In der Regel gilt die Vorsorgevollmacht dann, wenn der Vollmachtgeber selbst nicht dazu in der Lage ist, einen eigenen Willen zu bilden oder auszudrücken. Die gängigsten Fälle sind die Geschäftsunfähigkeit und der Tod des Vollmachtgebers. In diesem Fall muss der Vollmachtgeber von einer geschäftsfähigen, volljährigen Person vertreten werden. Gibt es keinen Bevollmächtigten, wird die gerichtliche Betreuung angeordnet.

Vorsorgevollmacht, Patientenverfügung, Betreuungsverfügung Unterschiede
Was ist eine gerichtliche Betreuung? Und was ist der Unterschied zwischen einer Betreuung und einer Vertretung?
Die Betreuung wird vom Gericht bestimmt. Bei der Wahl des Betreuers entscheidet das Gericht im Sinne der zu betreuenden Person. Es ist nicht garantiert, dass der Betreuer aus der eigenen Familie bestimmt wird, das Gericht kann auch zu der Entscheidung kommen, dass ein extra dazu ausgebildeter Betreuer besser geeignet ist. Dies ist dann in der Regel ein Fremder. Die Betreuung durch einen Fremden wollen viele vermeiden. Und dafür gibt es zwei Optionen: Idealerweise liegt eine Vorsorgevollmacht vor, die im Zentralen Vorsorgeregister der Bundesnotarkammer registriert wurde. Kommt es dann zu einer Abfrage des Registers durch das Gericht, kann eingesehen werden, wer die Bevollmächtigten sind. Das Gericht informiert dann die Bevollmächtigten und die gerichtliche Betreuung wird verhindert. Liegt keine Vorsorgevollmacht vor, kann die Betroffene Person die Betreuung durch einen fremden vermeiden, indem sie dem Gericht vorsorglich einen Betreuer empfiehlt. Das Gericht berücksichtigt diese Empfehlung bei der Wahl des Betreuuers.

Und was hat die Patientenverfügung damit zu tun?
Die Patientenverfügung ist das bekannteste Vorsorgedokument, denn sie regelt ein emotionales Thema. Wann werden die Geräte abgestellt? Unter welchen Umständen ist das Leben nicht mehr lebenswert? Über diese Fragen wird in den Medien viel diskutiert. Aber dennoch gilt: die Patientenverfügung gilt nur für den Fall, dass der Patient selbst nicht ansprechbar ist. Und dann muss er durch jemanden vertreten werden, der in seinem Namen Entscheidungen trifft. Das ist entweder ein Bevollmächtigter, oder ein Betreuer. Und diese Person ist dann bei den Entscheidungen an den in der Patientenverfügung festgehaltenen Willen gebunden. Daher ist die Wahl des Vertreters entscheidend. Rechtzeitig einen Bevollmächtigten zu benennen spart allen Beteiligten Zeit und Sorgen.

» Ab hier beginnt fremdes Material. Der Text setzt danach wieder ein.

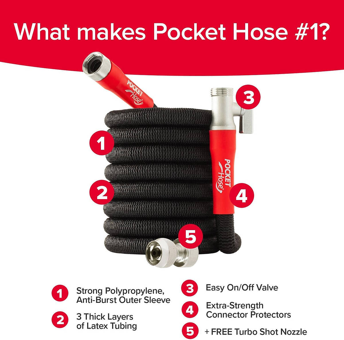 - AS-SEEN-ON-TV POCKET HOSE: The Original Hose That Grows with over 126 worldwide patents

Welches der Dokumente brauche ich denn nun?
Da Sie nun den Unterschied zwischen Vorsorgevollmacht, Betreuungsverfügung und Patientenverfügung kennen, wissen Sie: Sie brauchen alle drei Dokumente. Die Vollmacht, um Ihren Liebsten zu ermöglichen, Sie im Notfall zu vertreten und um die gerichtliche Betreuung zu vermeiden, die Betreuungsverfügung, um im Falle einer Betreuung keinen fremden als Betreuer zu bekommen und die Patientenverfügung, um Ärzten, Bevollmächtigten und Betreuern Ihren Patientenwillen rechtsverbindlich mitzuteilen.